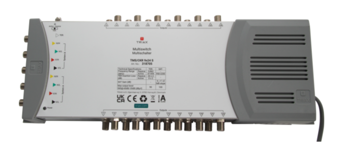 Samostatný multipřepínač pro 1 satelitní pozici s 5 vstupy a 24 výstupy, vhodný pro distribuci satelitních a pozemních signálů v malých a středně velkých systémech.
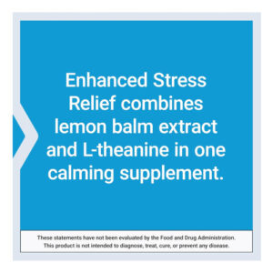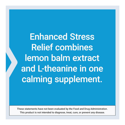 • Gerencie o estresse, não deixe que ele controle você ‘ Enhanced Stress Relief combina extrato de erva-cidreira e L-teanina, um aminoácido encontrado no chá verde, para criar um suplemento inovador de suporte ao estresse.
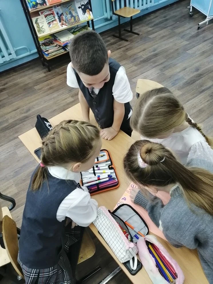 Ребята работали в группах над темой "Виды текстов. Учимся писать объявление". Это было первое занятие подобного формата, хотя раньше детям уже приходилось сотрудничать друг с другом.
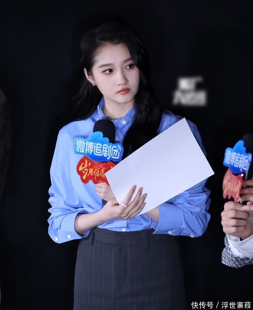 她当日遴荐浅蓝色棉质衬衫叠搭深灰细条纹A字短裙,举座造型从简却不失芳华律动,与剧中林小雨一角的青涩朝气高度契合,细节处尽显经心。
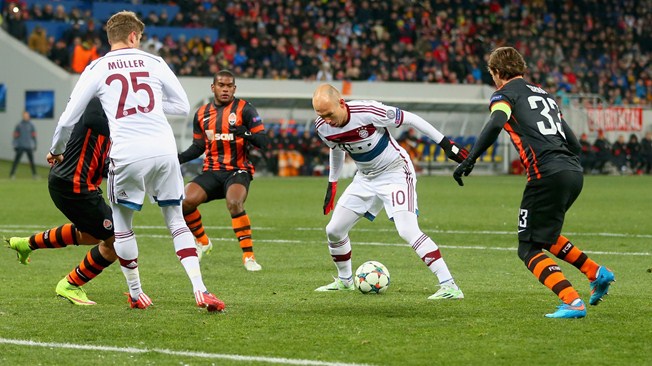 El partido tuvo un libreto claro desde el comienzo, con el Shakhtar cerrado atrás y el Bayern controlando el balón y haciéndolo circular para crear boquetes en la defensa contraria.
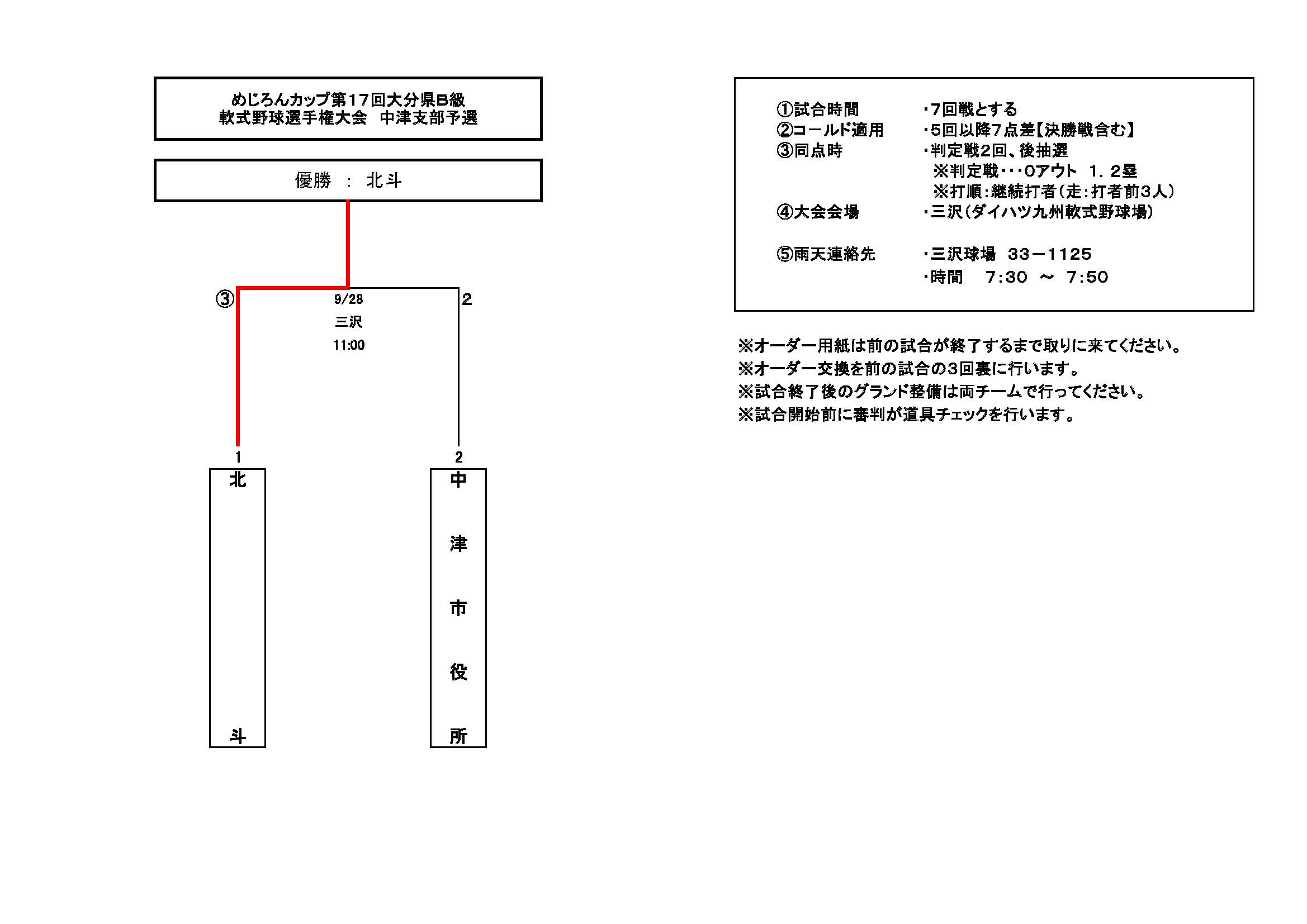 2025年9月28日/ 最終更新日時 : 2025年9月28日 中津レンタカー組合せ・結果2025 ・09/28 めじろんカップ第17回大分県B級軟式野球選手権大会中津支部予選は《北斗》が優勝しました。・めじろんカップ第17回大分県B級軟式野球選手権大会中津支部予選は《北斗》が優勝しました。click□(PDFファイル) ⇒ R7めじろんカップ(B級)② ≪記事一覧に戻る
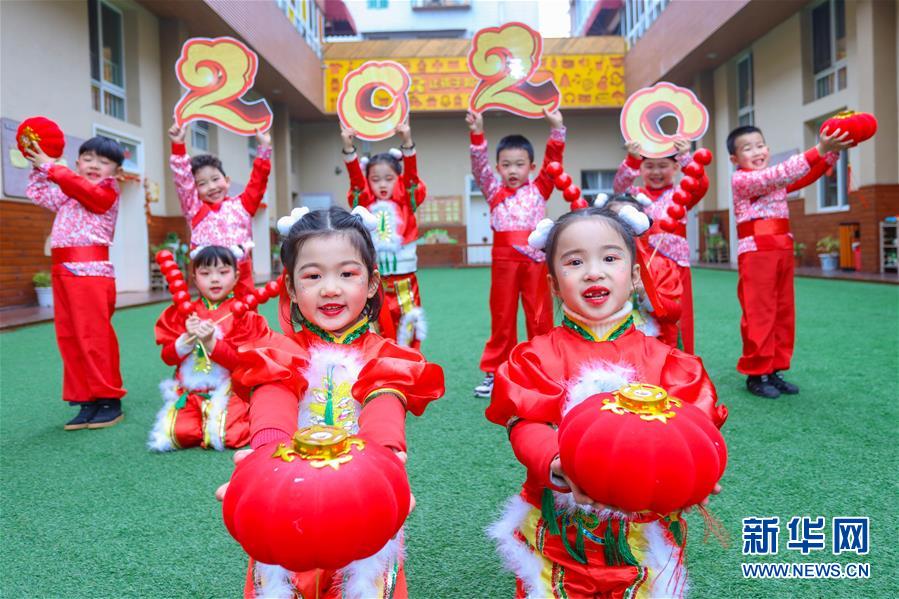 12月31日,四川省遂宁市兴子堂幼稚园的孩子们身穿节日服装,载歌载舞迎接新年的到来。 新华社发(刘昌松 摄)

——————————

Problem
Write out the material exactly as it stands, omitting every picture.

Response area
 Samostatný multipřepínač pro 1 satelitní pozici s 5 vstupy a 24 výstupy, vhodný pro distribuci satelitních a pozemních signálů v malých a středně velkých systémech.
 • Gerencie o estresse, não deixe que ele controle você ‘ Enhanced Stress Relief combina extrato de erva-cidreira e L-teanina, um aminoácido encontrado no chá verde, para criar um suplemento inovador de suporte ao estresse.
 Ребята работали в группах над темой "Виды текстов. Учимся писать объявление". Это было первое занятие подобного формата, хотя раньше детям уже приходилось сотрудничать друг с другом.
 她当日遴荐浅蓝色棉质衬衫叠搭深灰细条纹A字短裙,举座造型从简却不失芳华律动,与剧中林小雨一角的青涩朝气高度契合,细节处尽显经心。
 El partido tuvo un libreto claro desde el comienzo, con el Shakhtar cerrado atrás y el Bayern controlando el balón y haciéndolo circular para crear boquetes en la defensa contraria.
 2025年9月28日/ 最終更新日時 : 2025年9月28日 中津レンタカー組合せ・結果2025 ・09/28 めじろんカップ第17回大分県B級軟式野球選手権大会中津支部予選は《北斗》が優勝しました。・めじろんカップ第17回大分県B級軟式野球選手権大会中津支部予選は《北斗》が優勝しました。click□(PDFファイル) ⇒ R7めじろんカップ(B級)② ≪記事一覧に戻る
 12月31日,四川省遂宁市兴子堂幼稚园的孩子们身穿节日服装,载歌载舞迎接新年的到来。 新华社发(刘昌松 摄)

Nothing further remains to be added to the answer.